El año termina como empezó. Ahora mismo la comunidad meteorológica vigila de cerca el nuevo calentamiento súbito de la estratosfera que se está registrando y que podría llegar a debilitar otra vez el vórtice polar. Los modelos siguen señalando que a comienzos de enero tendrá lugar ese repentino calentamiento. En la estratosfera la temperatura habitual es de unos ochenta grados bajo cero. El ascenso brusco podría elevar el termómetro hasta los treinta grados bajo cero. Falta saber si ese calentamiento en la estratosfera tendrá efectos sobre la capa inferior, la troposfera, donde se encuentra el vórtice polar y si podría llegar incluso a romper ese cinturón de vientos. Salvo las lluvias débiles de hoy, a medio plazo solo se observa tiempo estable, con un predominio notable del anticiclón. Pero la tranquilidad atmosférica podría verse alterada notablemente a partir de enero.
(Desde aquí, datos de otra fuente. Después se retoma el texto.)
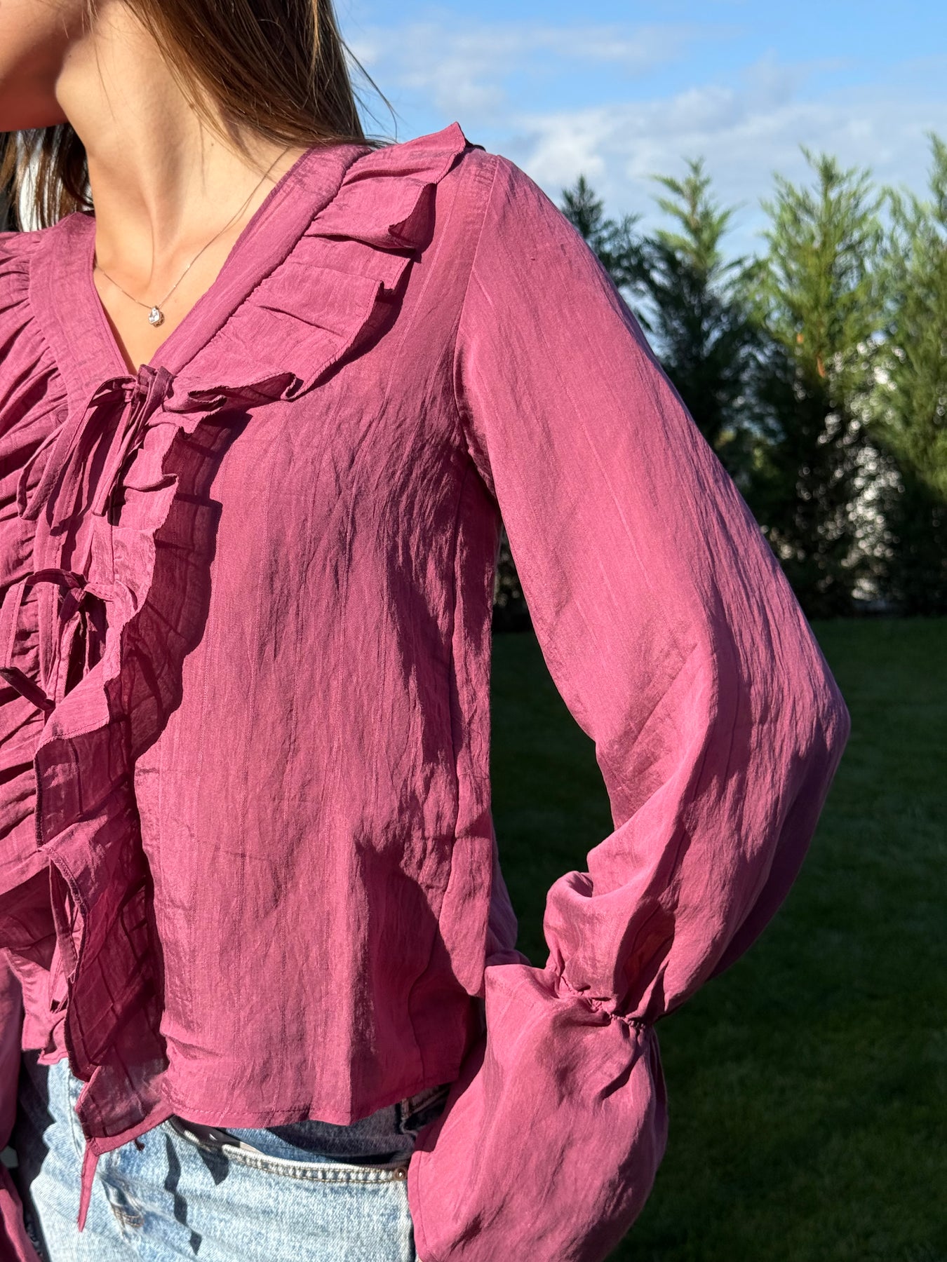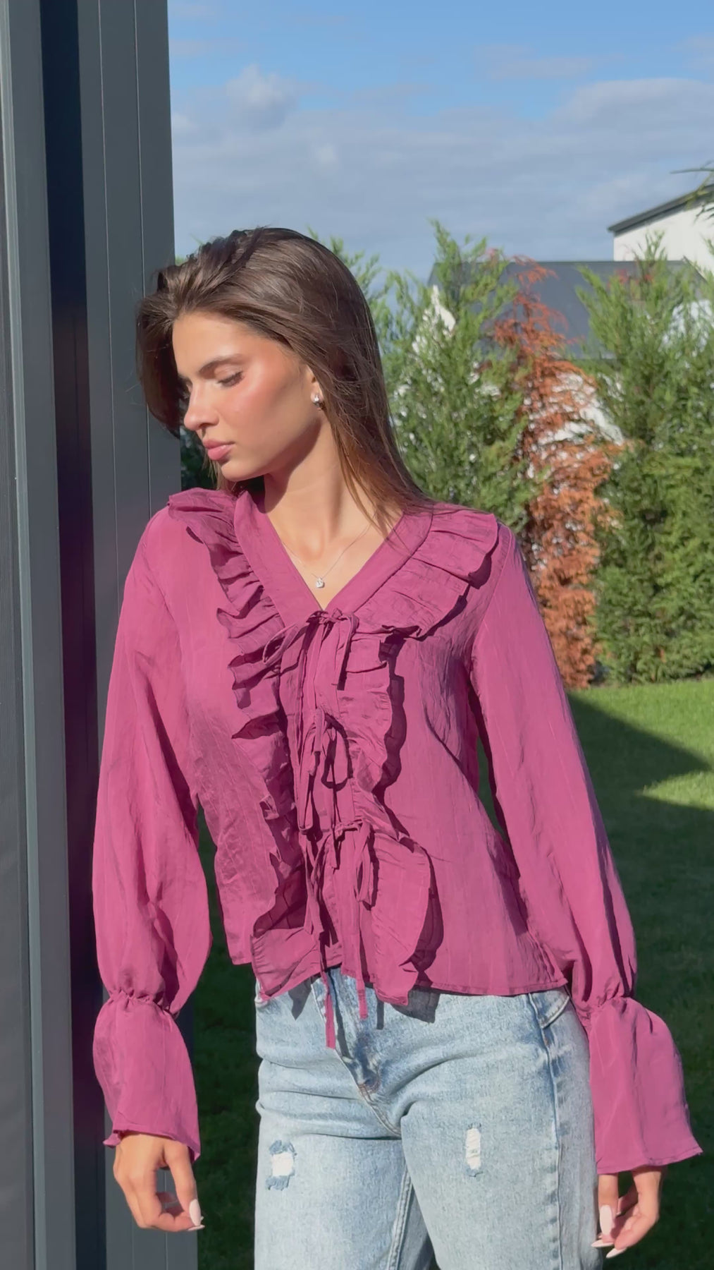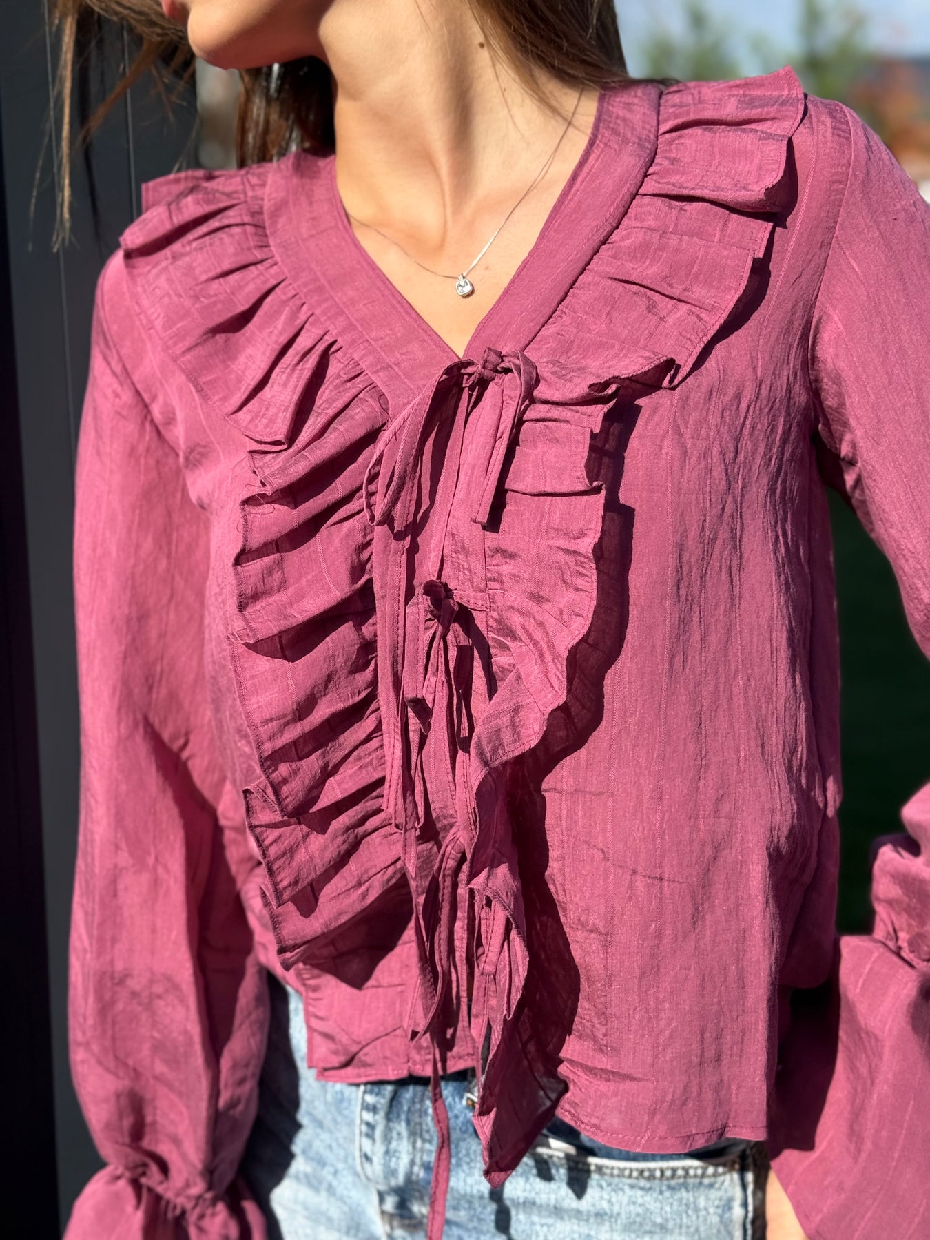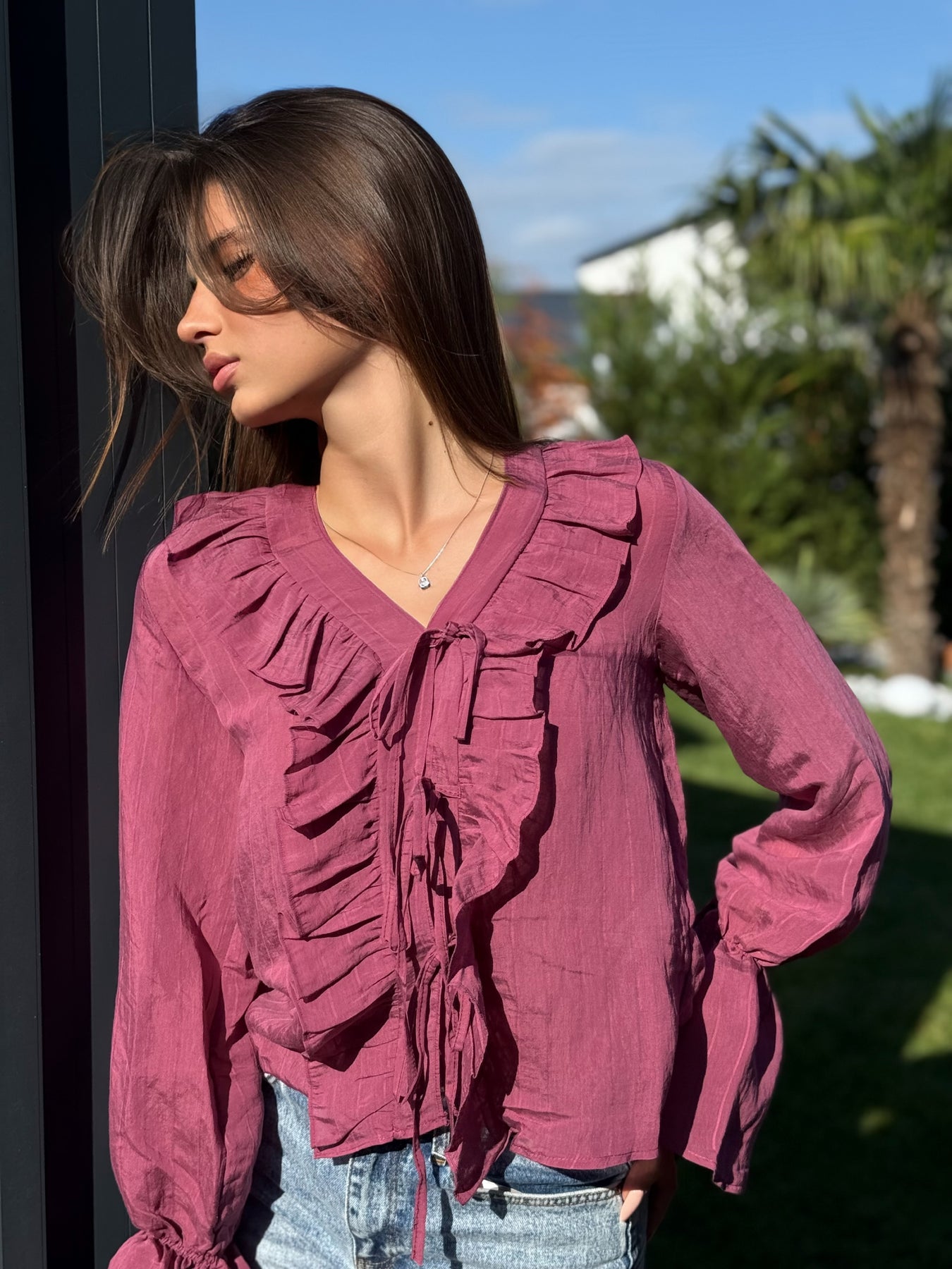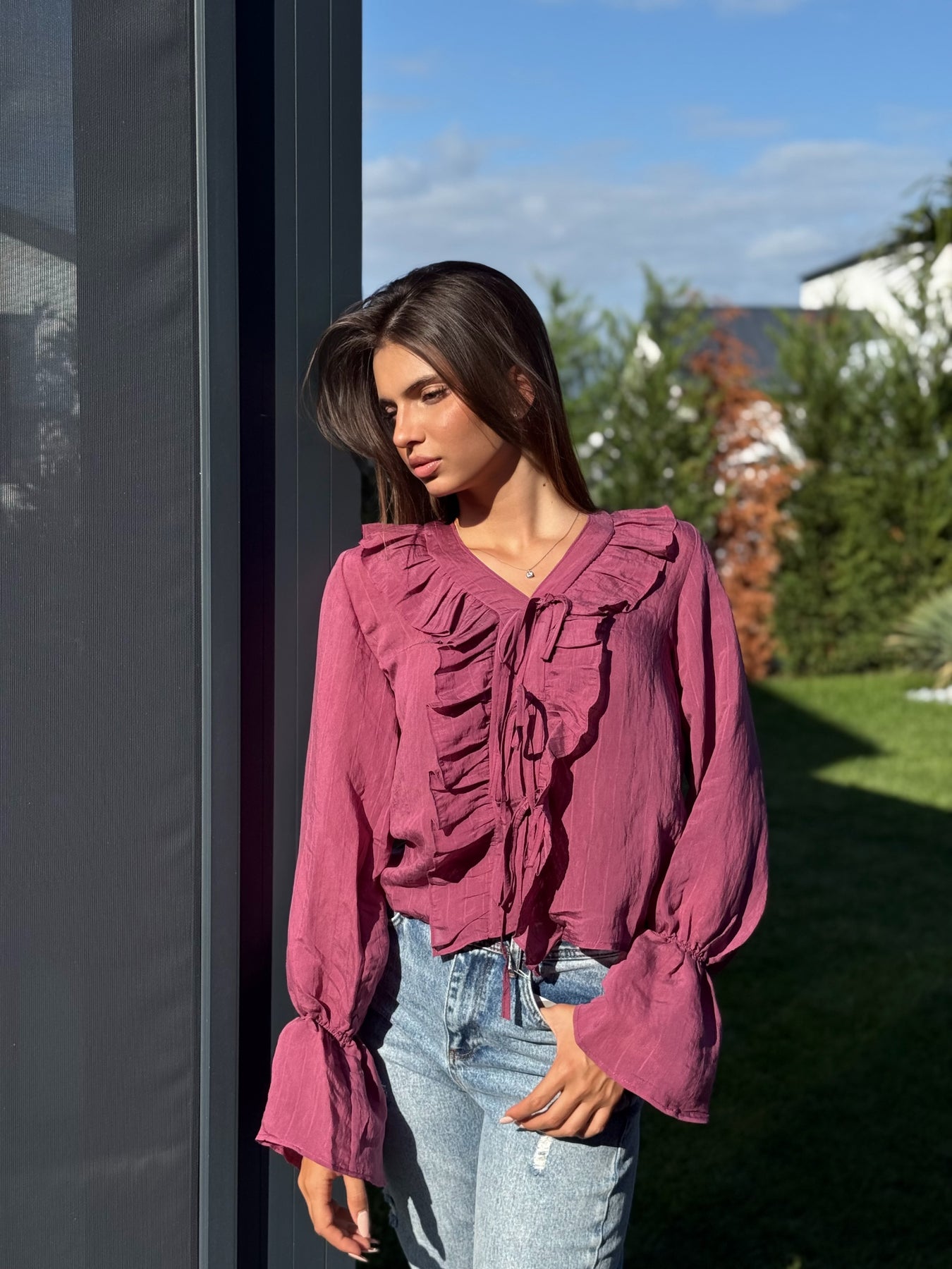 Риза , която съчетава романтика и бохо чар. Изработена от лека и ефирна материя, тя е идеална за топлите дни, като носи усещане за свобода и женственост. Декоративните къдрици и връзки отпред добавят динамика и придават закачливо излъчване, а свободната кройка я прави удобна за носене през целия ден.

La estratosfera se está calentando y afectará a Galicia

xavier fonseca

El debilitamiento del vórtice polar provocaría episodios de bajas temperaturas, nieve y temporales atlánticos para las próximas semanas

Algo se cuece en la estratosfera. La temperatura del aire en esta capa de la atmósfera, situada entre los doce y los cincuenta kilómetros de altura, se mantiene en torno a los ochenta grados bajo cero. Sin embargo, la interacción con la capa que tiene justo por debajo, la troposfera, está elevando su temperatura. Los modelos indican que ese aumento irá intensificándose durante las próximas semanas e incluso podría producirse un calentamiento súbito. «Este fenómeno ocurre cuando en muy poco tiempo, en torno a cinco días, puede llegar a aumentar hasta cincuenta grados en la región estratosférica polar», explica Blanca Ayarzagüena, investigadora del Instituto de Geociencias del CSIC Universidad Complutense de Madrid. La previsión apunta a que el termómetro a partir del día veinte de diciembre se va a situar alrededor de los treinta grados bajo cero.